Categories: Motorcycle Accident Attorney

Concluding that police officers cannot do their jobs if they cannot “smell out” crime, a Pennsylvania appellate court agreed that a police officer was totally disabled as a result of his losing his sense of smell in a Pennsylvania motorcycle accident.

The police officer was badly injured in a motorcycle accident while off duty. The personal injuries resulted in his losing his sense of smell. The officer returned to work after passing a physical, but the examining physician never asked about, or tested the officer’s sense of smell. After resuming his duties, township officials learned he had no sense of smell, and issued an “honorable discharge,” effectively firing him.

When the officer objected, the township held a hearing and presented the testimony of an expert in law enforcement employment. Law enforcement expert testified that police officers must be fully able to smell in order to quickly respond to fires, hazardous material spills, and natural gas and propane leaks. The expert also noted that first responders to DUI and drug violations regularly use their sense of smell. All of these events require instant action.

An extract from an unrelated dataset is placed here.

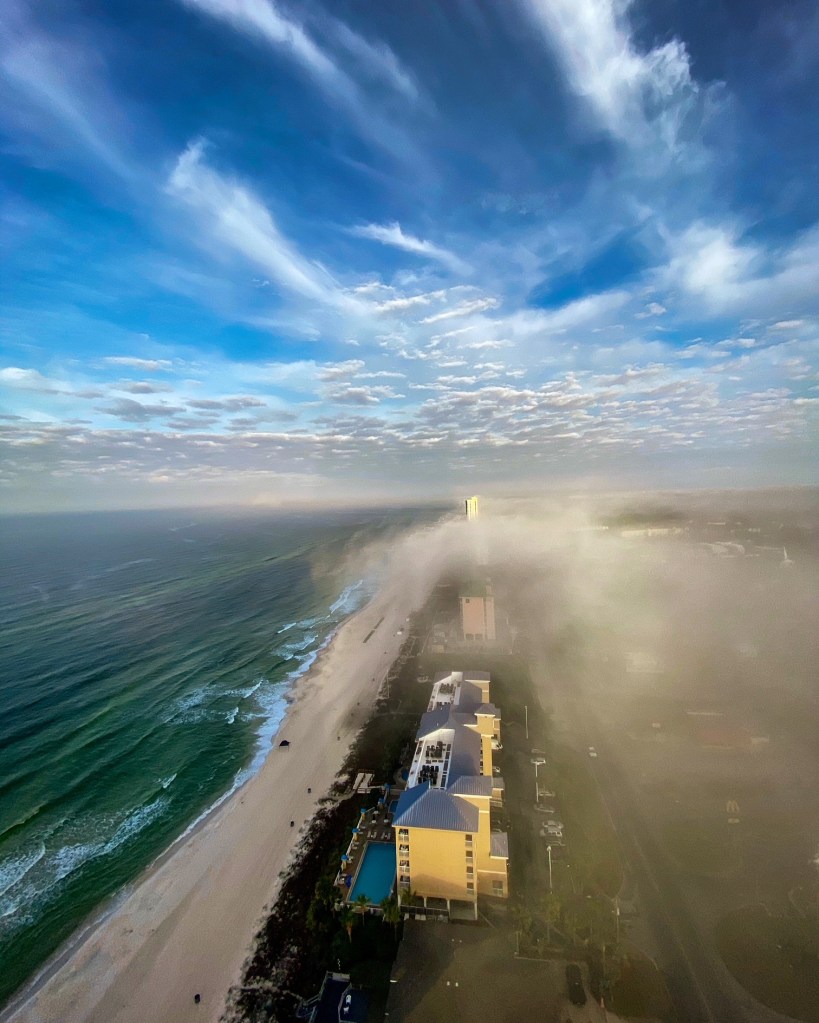 Our first night we stayed at the Hampton Inn and Suites right on the beach. While the hotel was nice, the general manager was unmasked and rude. The hotel was clean and they offered a free breakfast, but I’ll stick to my Airbnbs. We ended up with an incredible condo over at the Tidewater on Front Beach Road. I typically only book with Superhosts and never new Airbnbs but I decided to chance it with this one since it was professionally managed. Y’all I don’t think I’ve ever stayed in a cleaner Airbnb and y’all know we’ve stayed in some nice places. The views were incredible, the condo was beautiful, I’d definitely stay there again. There was one morning we woke up to thick fog, but we were so high up that we felt like we were waking up in the clouds. I loved it.

The lawyer for the injured officer argued that the officer could detect a DUI by observing the walk and behavior of a driver, and that he could observe fuel and gas emergencies by seeing smoke and by depending on visual cues. The officer testified that no other officers had complained about his lack of sense of smell and suggested that there were other duties he could perform without being dismissed.

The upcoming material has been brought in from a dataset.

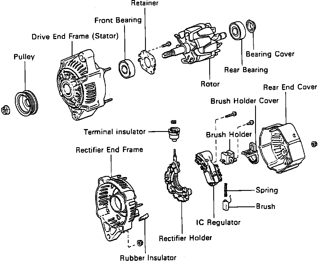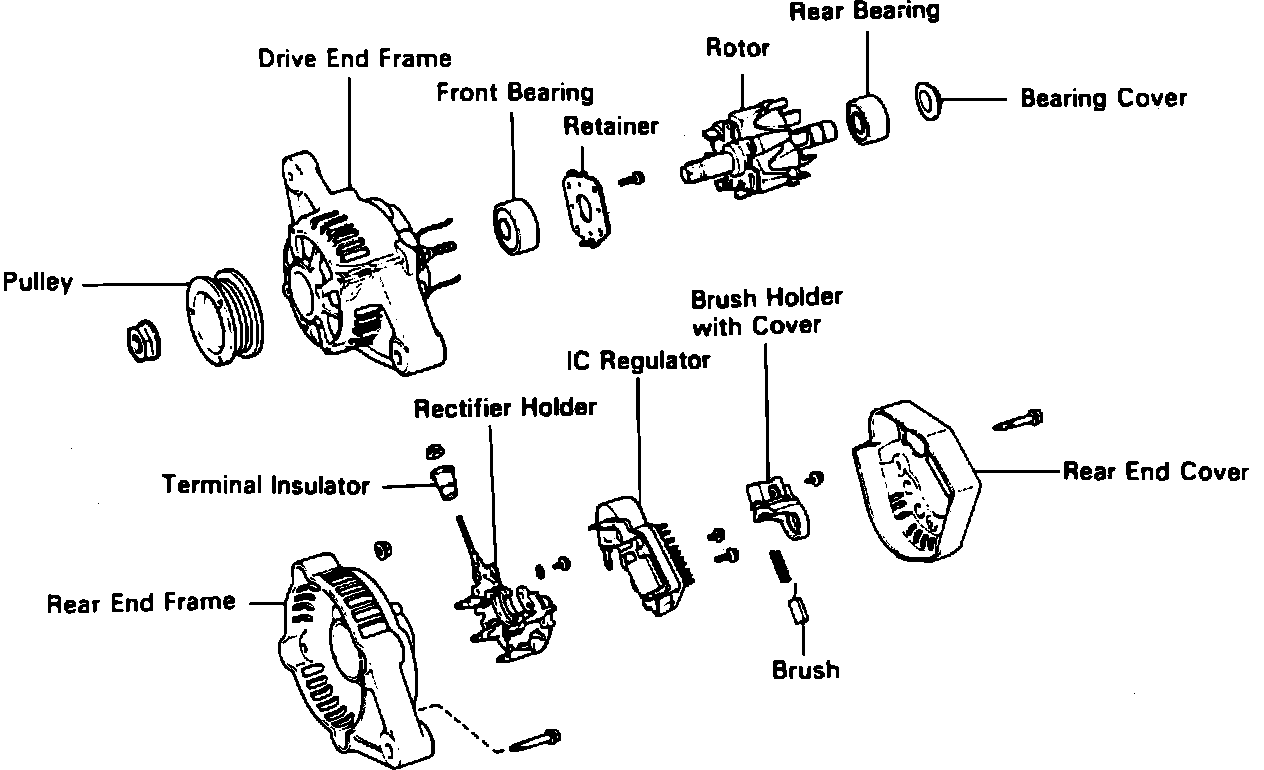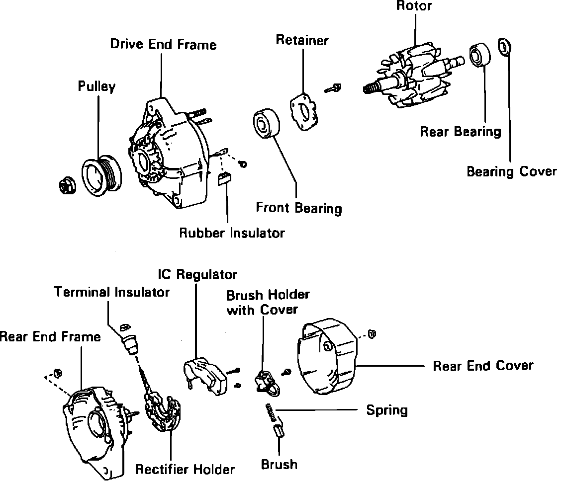 Fig. 1 Exploded View Of Alternator. Less IC Regulator:

One fellow officer noted that the injured officer was the first on the scene of a DUI accident but was not able to smell alcohol on the unconscious driver, while the fellow officer noted it right away. Another witness described an incident in which the injured officer assisted an elderly resident with her malfunctioning furnace by adjusting it and restarting it. Had the furnace malfunction been related to a gas leak, the injured officer’s restarting the furnace might have caused a destructive explosion.

The Pennsylvania township hearing board upheld the discharge, and the injured officer lost on appeal.